As far as Saturday’s matchup goes, Eubanks will stand across Gatto, who enters her second fight in the UFC with a 7-0-2 record, securing four of those seven wins by submission.
Eubanks isn’t underestimating her opponent by any means but knows that she has some tricks to stop Gatto.
“Any time I get a Brazilian girl I’m like, ‘here we go, you got to kill those girls,’” Eubanks said. “Just because she is unranked and unknown, automatically I look at her record, some of her fights, and know she is going to be tough. All my opponents are tough.
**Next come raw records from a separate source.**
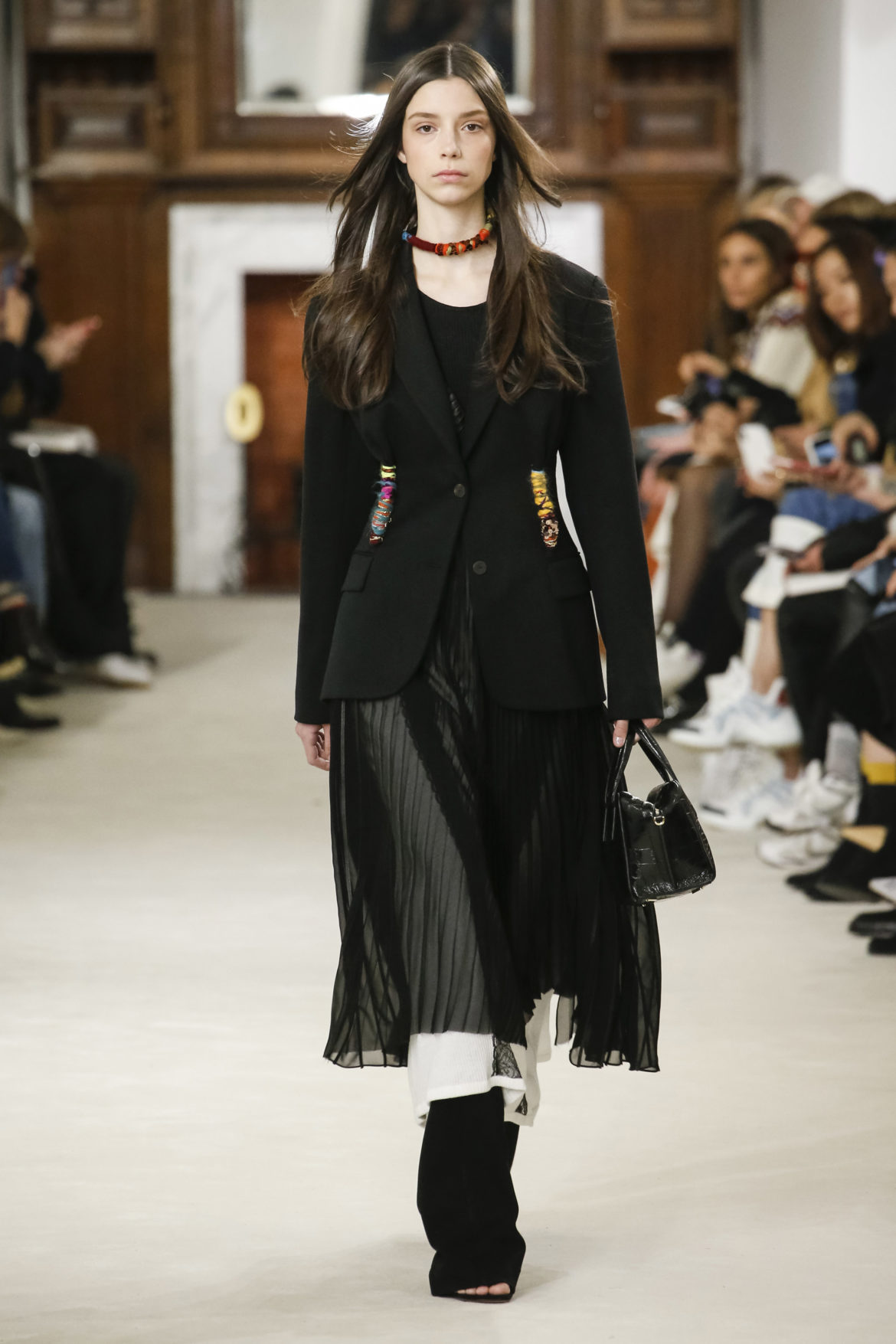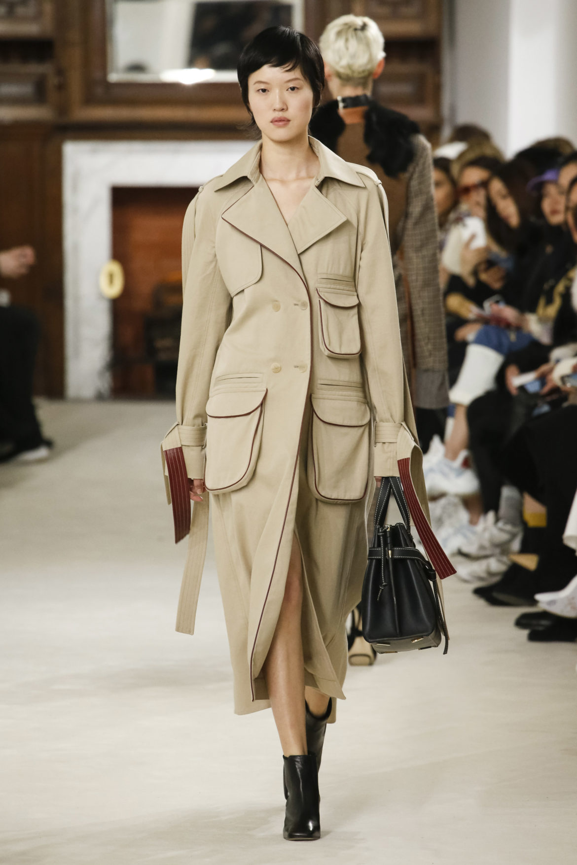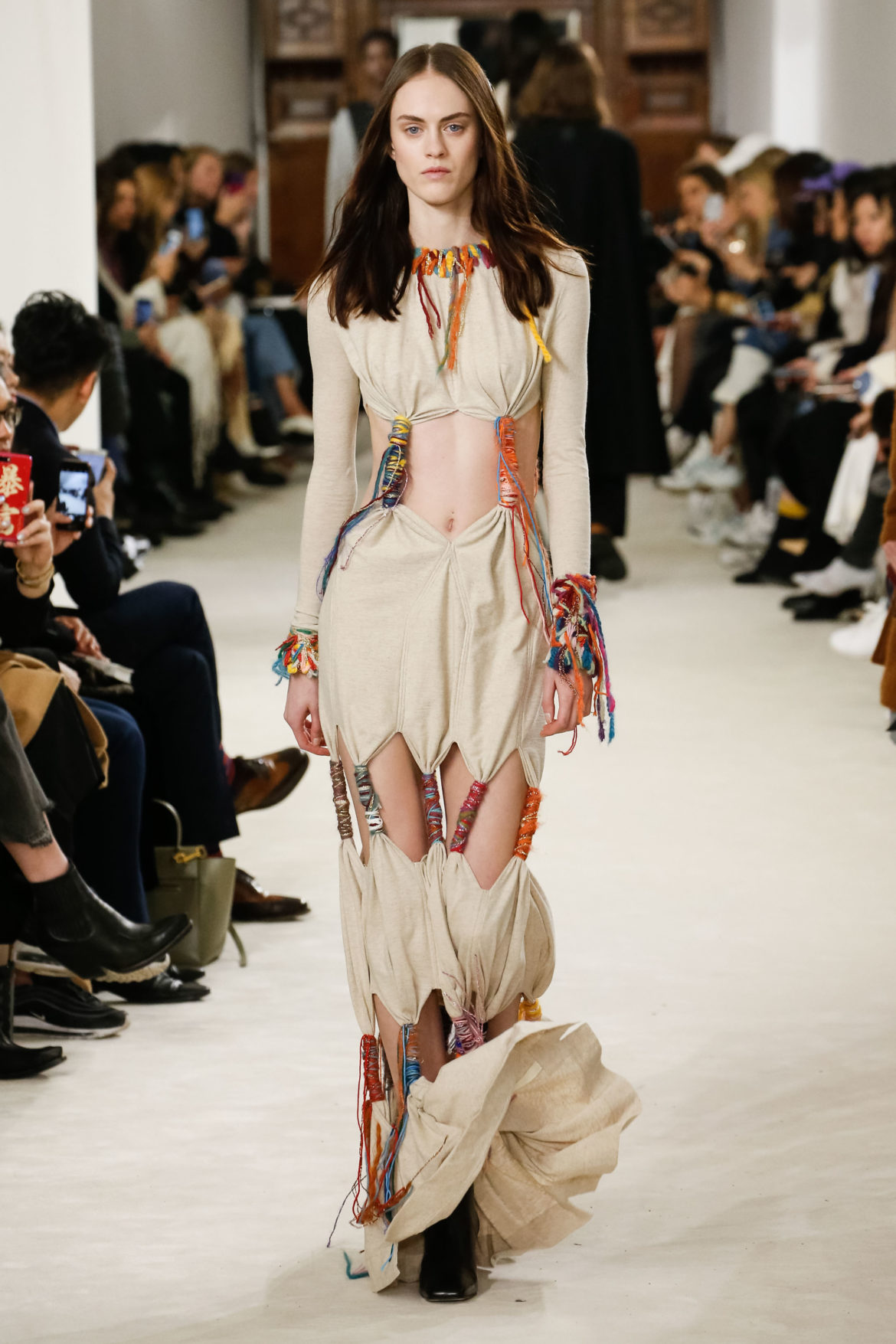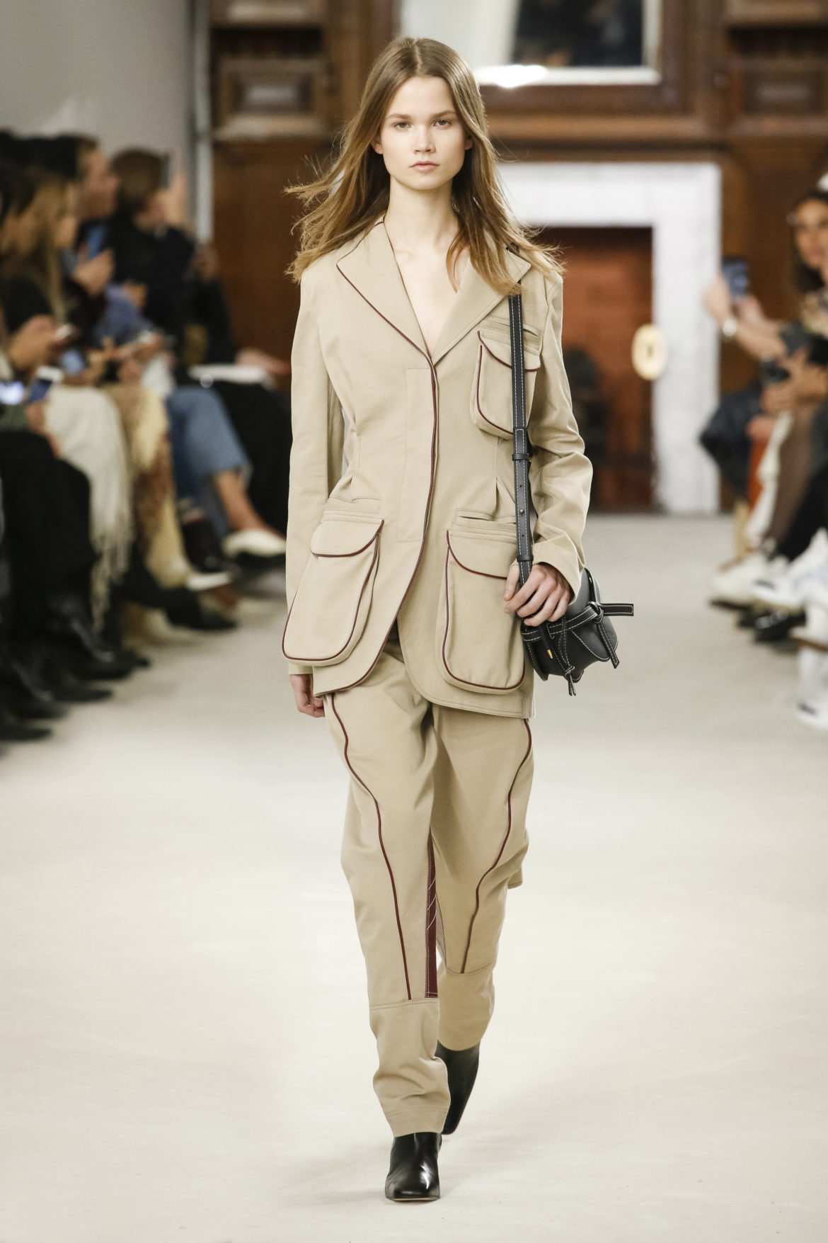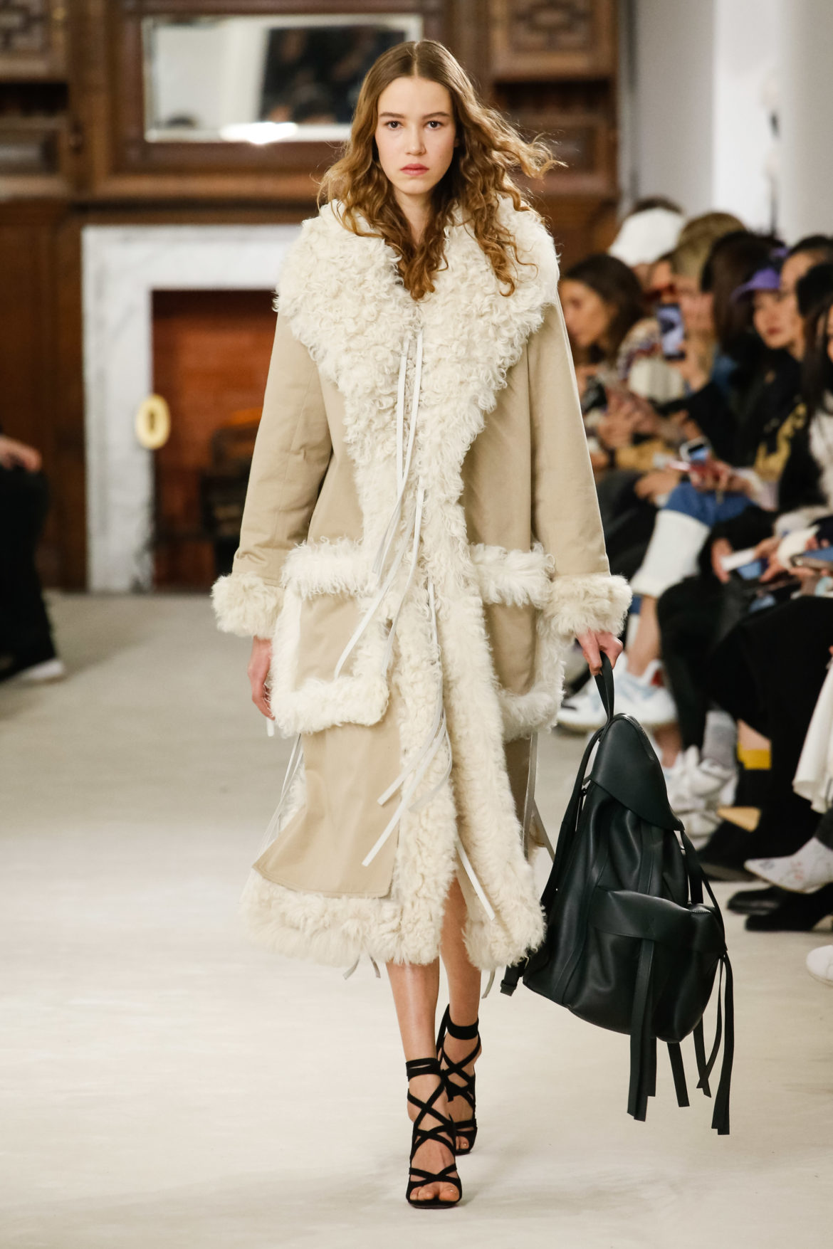 Questioning the facade of the introvert, the LOEWE Women’s Fall Winter 2018 collection designed by creative director Jonathan Anderson inhabits a pensive space where the organic meets the industrial. Disrupted by decadent moments of primitivism, austerity reigns – as shapes nod to the mid-century shifted through a contemporary lens.
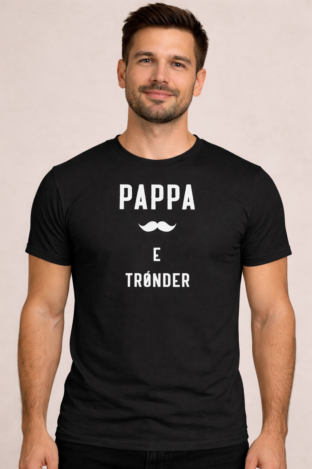Denne t-skjorten er for pappaen som vet hvor han kommer fra. En trønderpappa står støtt, snakker rett fra levra og bærer identiteten sin med stolthet. Med teksten “Pappa e trønder” og den klassiske barten midt i designet, er dette en skjorte som sier mye med få ord.
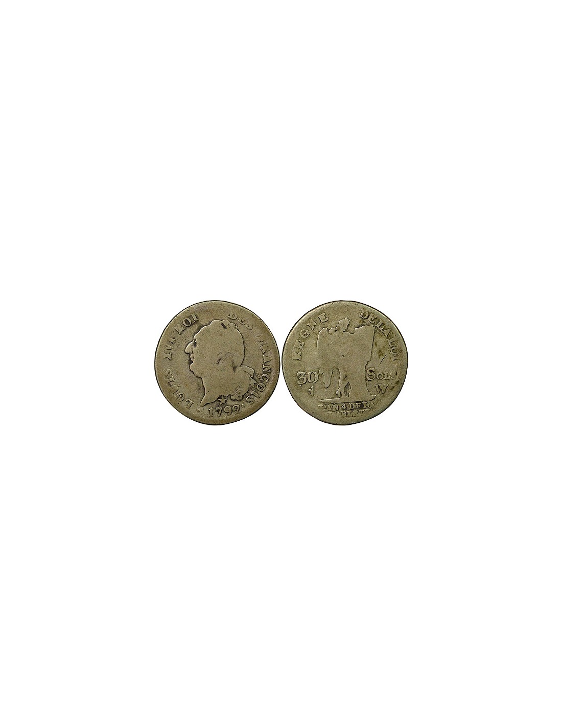 Louis XVI au Génie 30 sols Argent 1792 W Lille
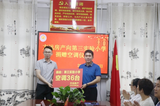 “方遠(yuǎn)房地產(chǎn)公司為第三實(shí)驗(yàn)小學(xué)捐贈(zèng)空調(diào),大大改善學(xué)校的降溫條件,為孩子們營造更為舒適的學(xué)習(xí)環(huán)境?!钡谌龑?shí)驗(yàn)小學(xué)校長王玉剛表示,學(xué)校將以此為契機(jī),號(hào)召廣大學(xué)生好好學(xué)習(xí),長大后回報(bào)社會(huì);全校教職員工以優(yōu)異的教學(xué)業(yè)績回報(bào)社會(huì),傳遞愛心,努力辦學(xué)生快樂、教師幸福、家長滿意的現(xiàn)代化學(xué)校。
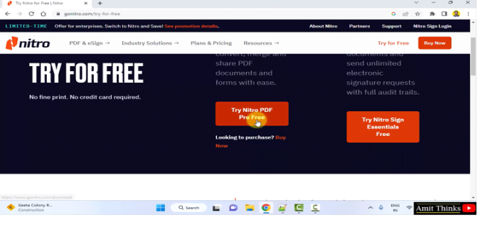 現在,您將進入下載部分。要下載免費版本,請單擊“免費試用Nitro PDF Pro”:
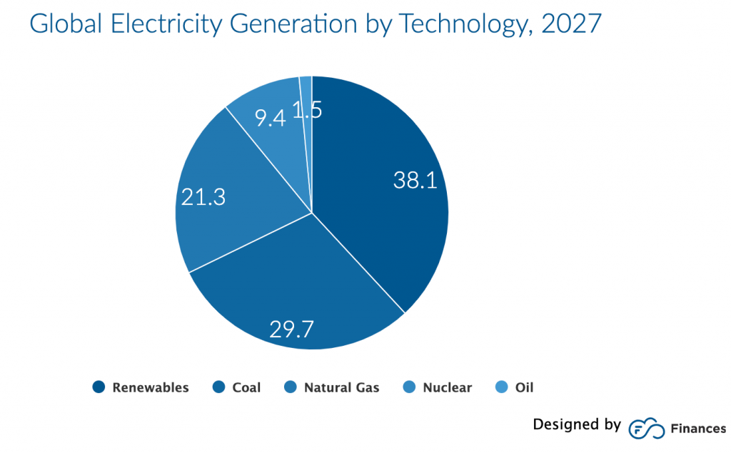 According to the International Energy Agency (IEA) Renewables 2022 report, renewable energy sources are set to overtake coal as the largest source of global electricity by early 2025. Renewables will also account for nearly 40% of global electricity output in 2027. This means a further decline in the shares of coal, natural gas, and nuclear.
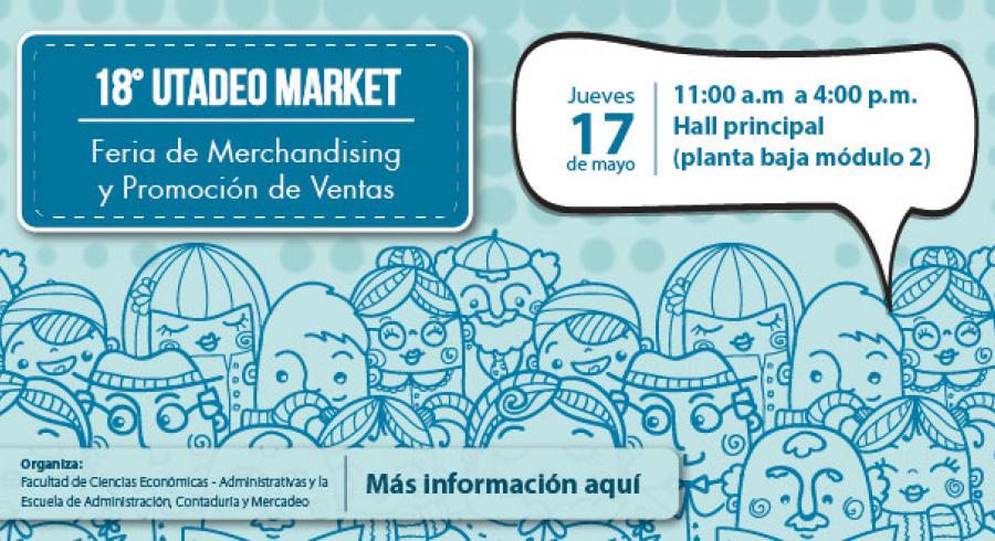 El jueves 17 de mayo, en el Hall principal (planta baja módulo 2) de Utadeo, se llevará a cabo la 18 versión de Utadeo Market “Feria de Merchandising y Promoción de Ventas”, a partir de las 11:00 a.m. y hasta las 4:00 p.m. organizada por la Escuela de Administración, Contaduría y Mercadeo de la universidad y liderada por Mónica Peñalosa Otero, Adriana Sotelo Ramírez y Omar Durán Espitia, profesores de la asignatura Merchandising y Promoción de Ventas.
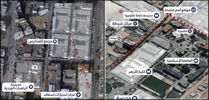 ومن بين المواقع التي ادعت إسرائيل، أن حركة حماس تستخدمها لعملها العسكري موقع لتصنيع الأسلحة بالقرب من مستشفى الشفاء، ومستودع أسلحة بالقرب من مسجد الشهيد في مخيم البريج، ومسار نفق في محيط مصنع بيبسي، بالاضافة الى مسارات لنفق بالقرب من مجمع مدارس يضم مدرسة راهبات الوردية ومدرسة الوحدة ومدرسة أم القرى الأساسية المشتركة، كما يكشف عن فتحة نفق بالقرب من الجامعة الاسلامية، حسب ما يدعي الأمن الإسرائيلي.
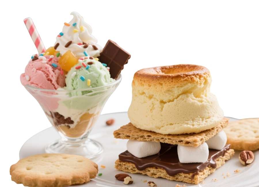 Sundae – Ice cream served with various toppings, such as syrups, nuts, and whipped cream.
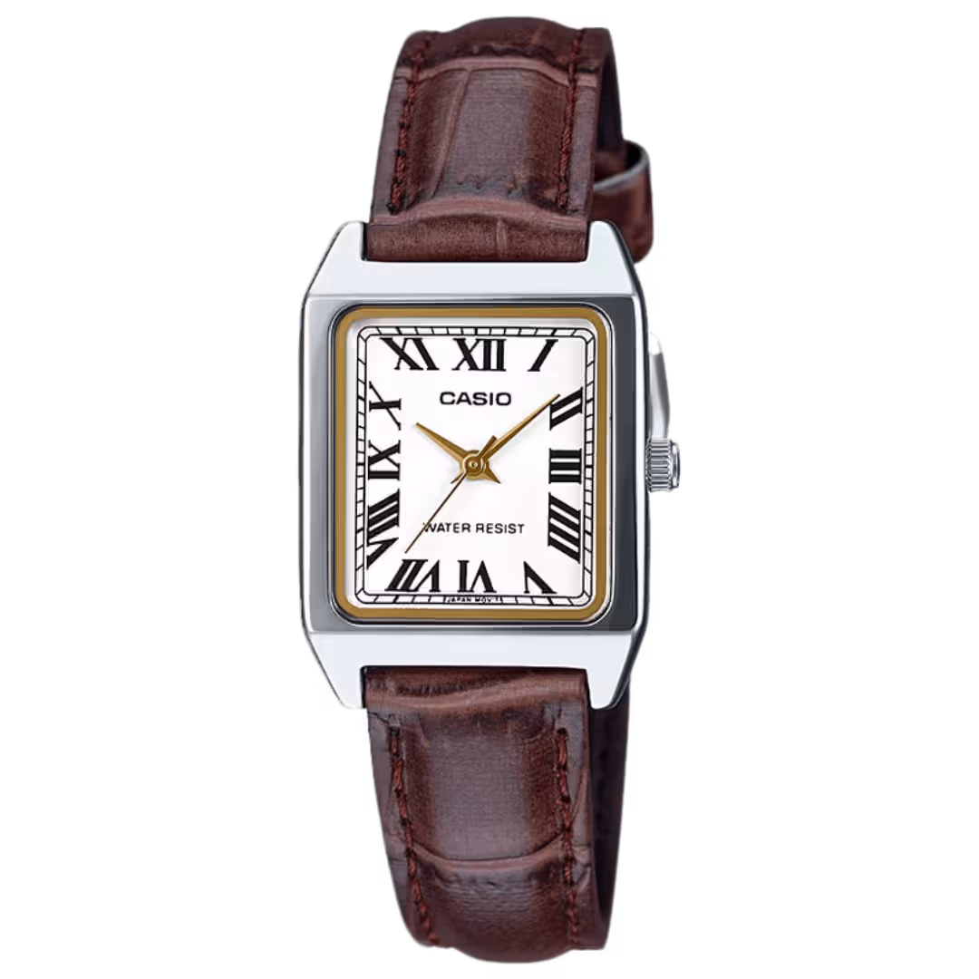 Casio LTP-V007L-7B2 Timeless women's classic rectangular silver brass case gold bezel white dial brown leather strap analog watch

She’s well-rounded, got some jiu-jitsu, got some range.”
While Gatto will be entering her second fight in the UFC, Eubanks will be making her second fight back at flyweight after moving up to bantamweight for six fights, compiling a 2-4 record.
The Massachusetts native feels best at 125.
“Coming into this second fight at flyweight, camp felt good,” Eubanks said. “I’m at a different walk around (weight). I’m a lot faster, lot leaner than I used to be and I’m feeling good.”
Eubanks has a winning mentality as December 18 approaches, only envisioning herself with her hand raised at the end of the night. The 36-year-old strongly believes that she has everything she needs to take Gatto down, from striking, to grappling to wrestling.
She is looking forward to bringing forward the best ‘SarJ’ to the Octagon.
“Anytime I bring my best foot forward I get W’s,” Eubanks said. “Anytime I fight how I want to fight, and I put the pace how I want the pace to go, and I go where I want to go, standing or on the ground, I win the fight. That’s the goal. I’ve been enjoying bringing these fights to the ground now that I’m back at flyweight. I had a hard time putting bantamweights on their back, but those flyweights I’m going to start taking them down a bit more.”